We do need to be bold men and women, and we do need to share the Gospel of Jesus Christ. We do need to pray for the lost and dying. And, we do need to remember the Lord's forgiveness in our own lives.
My favorite passage of scripture speaks volumns to my heart. I hope it can be an encouragement to you as well.
"I have been crucified with Christ; and it is no longer I who live, but Christ lives within me. And, the life that I now live in the flesh, I live by faith in the Son of God, who Loved me and gave Himself up for me." Galations 2:20
May we all remember that it is Christ who chose us and loves us and desires us to be fishers of men, so that all can believe.
Shalom!
Thanks, Tim...so much. May the Lord bless your day.

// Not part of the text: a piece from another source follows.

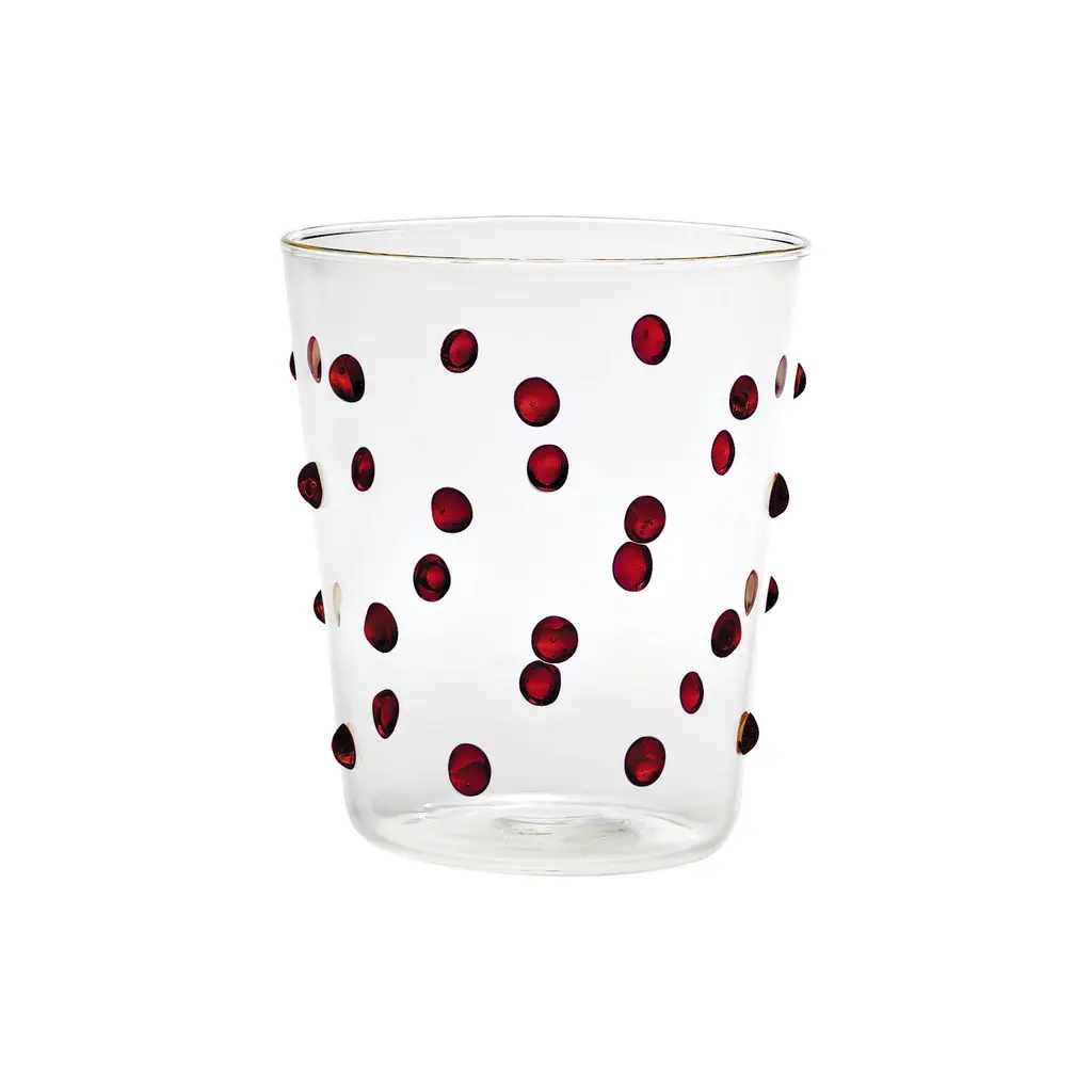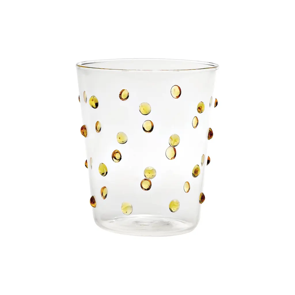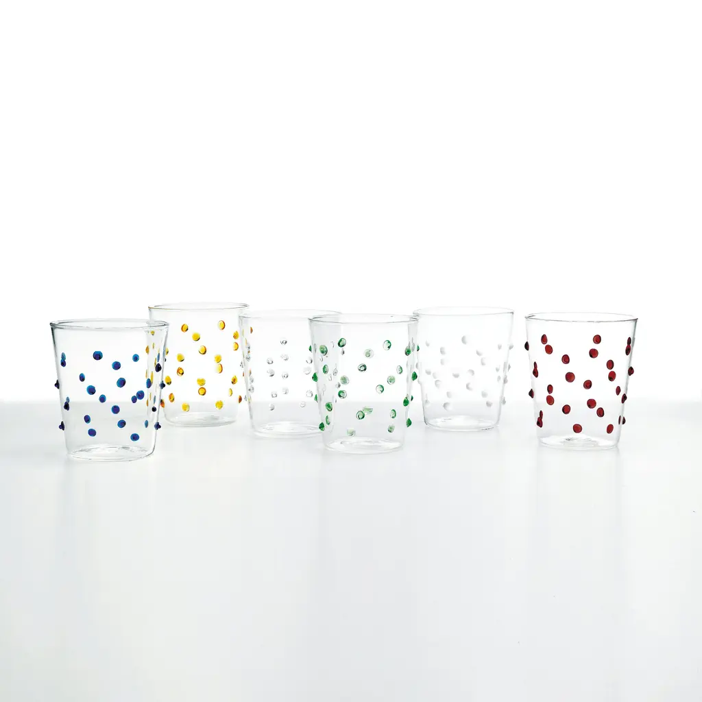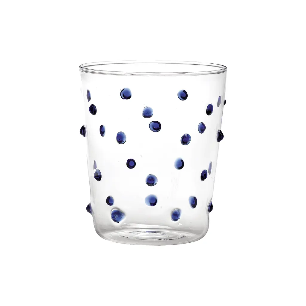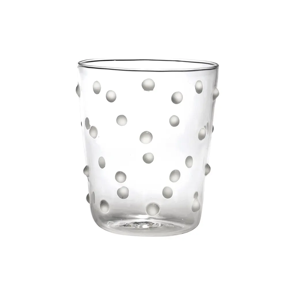 A simple glassware design that makes a lasting impression, the Party Tumbler Glass from Zafferano brings unexpected beauty to any table setting to your home. Handcrafted from borosilicate glass, these tumbler glasses are the perfect size for fresh squeezed juice in the morning or a lively cocktail in the evening. Accented by three dimensional orbs, this simple, yet sophisticated tumbler is ready to elevate your everyday mealtimes or accent your barware collection with classically chic style.Highlights

I have all the respect for Schindler, - he did his duty in saving the lives of innocent people. Afterall, life is the greatest gift from God. I will not, however, accept Judaism as more than a religion of hypocrites. They were the people whom God had been preparing for the coming of the Messiah, their promised savior, - and they have rejected him! How can one still be so arrogant after so many years? And still believe that they are 'the chosen ones'? I am not anti-semite, but I will not consider anyone who practices Judaism anything but a hypocrite. To me, it is no wonder that the Holocaust has happened. My deepest respect and blessings to those jews who have accepted Christ. May Felix Mendelssohn-Bartholdy be an example to those whose hearts are still too hard for the love of Christ!
Tim...did you happen to answer this fellow above? I think he is somewhat anti-semetic, but didn't know if you knew him, or if it was worth answering him...just wondering.